Why Breast Cancer Data From NCBI GEO

The dataset is GSE183947, a published RNA-Seq study comparing human breast cancer tumour tissue against matched normal tissue. It is publicly available on NCBI GEO. The published findings are well-characterised in the literature, which means I can validate whether the pipeline is producing biologically correct results rather than just technically correct results.

When the pipeline runs correctly, ERBB2 should be upregulated. So should MYC, ESR1, and CCNE1. BRCA1 and BRCA2 should be downregulated. PTEN should be downregulated. These are not controversial findings. If those genes are not in the correct direction with the correct magnitude, something is wrong with the pipeline, not the biology.

This is important. A lot of portfolio projects use synthetic data where there is no ground truth. You can produce any output and call it correct. Using real published data with known results means the biology itself validates the engineering.

The Architecture Before a Single Line of Code

Before writing anything, I drew out the full data flow. This discipline matters more than most tutorials suggest. When you design the architecture first, you discover constraints you would not have seen mid-implementation.

NCBI GEO (GSE183947)
     |
     v
GEO Fetcher          -- requests, tenacity, NCBI rate limiting, local JSON cache
     |
     v
Raw gene records     -- gene_id, gene_name, log2fc, pvalue, padj, base_mean
     |
     v
Validation Engine    -- 9 rules, quarantine-not-delete
     |-- Passed (51 genes) --> clean records
     |-- Failed  (2 genes) --> quarantine CSV + rejection reason + UTC timestamp
          |
          v
Data Processor       -- significance flags, regulation direction,
                        neg_log10_pvalue, log2FC bins, Parquet output
          |
          |--------------------------|
          v                          v
FastAPI REST API             Plotly Dash Dashboard
8 endpoints                  Volcano plot
Swagger /docs                Gene table
Pydantic v2 schemas          QC summary
Pagination + filters         Interactive filters
          |
          v
GitHub Actions CI    -- flake8, pytest, 35 tests

Five layers. Each layer has one job. Each layer hands off to the next through a clean interface. No layer reaches backwards into a previous layer. This is the structure that makes the whole thing testable, debuggable, and extensible.

The Fetcher: NCBI Rate Limits and Why Tenacity Matters

NCBI allows three API requests per second for anonymous users. Exceed that limit and your IP gets temporarily blocked. This sounds like a footnote but it is actually one of the first real engineering constraints you hit when working with genomics data at scale.

The solution is a 340-millisecond delay between requests, which keeps the rate comfortably below three per second, combined with exponential back-off retry logic via the tenacity library.

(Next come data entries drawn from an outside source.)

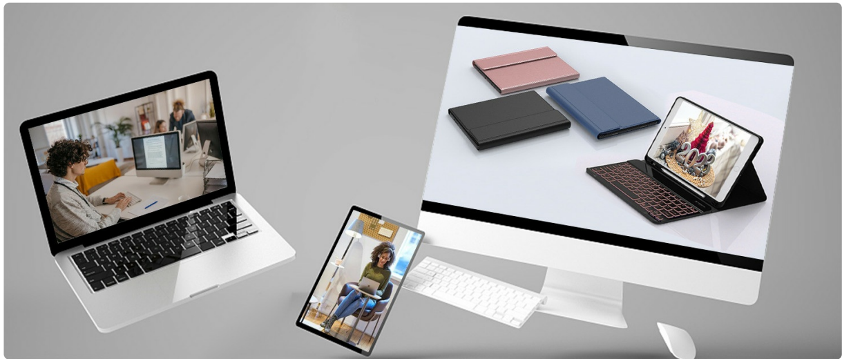
Image: The JADEMALL Keyboard Case shown with an iPad Mini, illustrating its use as a laptop-style setup, a stand, a tent mode, and as a protective tablet cover.

The JADEMALL Keyboard Case provides a protective cover and a detachable wireless Bluetooth keyboard for your iPad Mini. It enhances productivity and offers multiple viewing angles for various tasks.
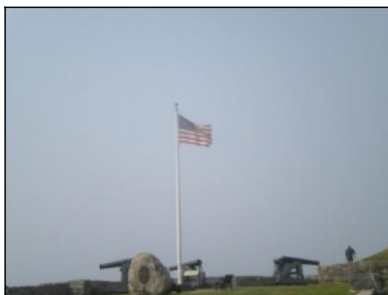
Fort Phoenix in Fairhaven

You may need to plan on walking a bit if it's a hot day and you arrive late.
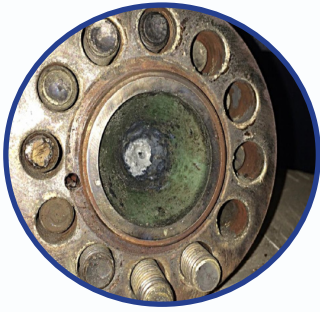
Degradation left in end cap using competitor's product
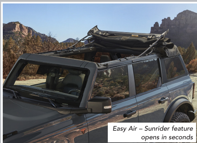
Easy Air – Sunrider feature opens in seconds
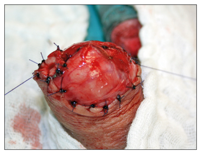
Figure 4. Ventral spatulation of the urethra and formation of a new meatus by fixing it to the corpora cavernosa.
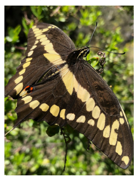
4. Papilio rumiko

from tenacity import retry, stop_after_attempt, wait_exponential

@retry(
    stop=stop_after_attempt(3),
    wait=wait_exponential(multiplier=1, min=2, max=10),
)
def _fetch_url(url: str) -> requests.Response:
    headers = {"User-Agent": f"NGSResultsExplorer/1.0 ({settings.ncbi_email})"}
    response = requests.get(url, headers=headers, timeout=30)
    response.raise_for_status()
    return response

The @retry decorator handles the retry logic automatically. If the first request fails, tenacity waits two seconds, then four, then eight. You write the function once and the library handles the failure modes.

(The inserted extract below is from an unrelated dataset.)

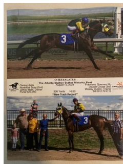
O SEEYALATER , winner 2022 Alberta Stallion Stakes, 2023 winner Alberta Stallion Stakes Maturity
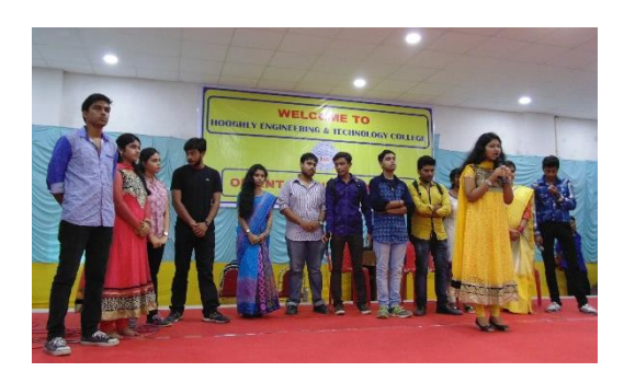
Orientation Programme 2016

The fetcher also implements a local JSON cache. After the first successful fetch, the raw data is written to data/raw/GSE183947_raw.json. Every subsequent run loads from cache rather than hitting the API again. This matters during development when you are running the pipeline dozens of times and do not want to burn your API quota on each iteration.

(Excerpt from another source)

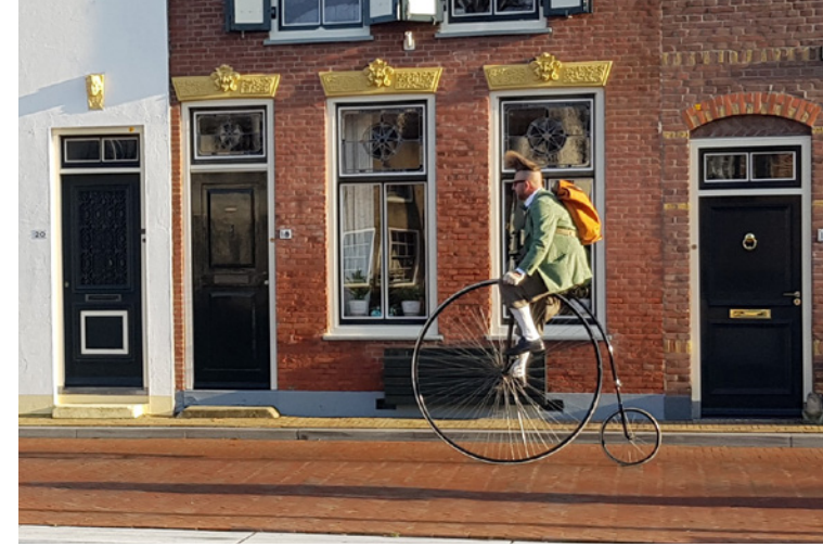
Time has literally stood still in Middlesharnis...

The ocean giants gradually appeared on the horizon, looking very small at first. They had reached the North Sea. At a safe distance from these large, fast, seagoing vessels and under a blue sky and radiant sunshine, they arrived in Breskens. They weren't going to miss out on a freshly caught lobster here, prepared by fishmonger Cor. "Cor's fishing boat is a real attraction!"
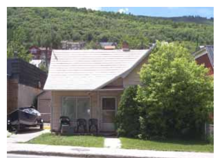
1109 PARK AVENUE Significant Site Designated Feb. 4, 2009

cache_file = os.path.join(settings.raw_data_path, f"{accession}_raw.json")

if os.path.exists(cache_file):
    log.info("loading_from_cache", file=cache_file)
    with open(cache_file) as f:
        return json.load(f)

The immutability of the cache is intentional. The raw data directory is in .gitignore and written once. If I later discover a bug in the transformation logic, I can reprocess the original data without re-fetching. This is the same principle as an immutable Bronze zone in a medallion architecture.

The Validation Engine: Nine Rules and Why Quarantine-Not-Delete Is the Only Correct Approach

This is the component that took the most thought to design correctly.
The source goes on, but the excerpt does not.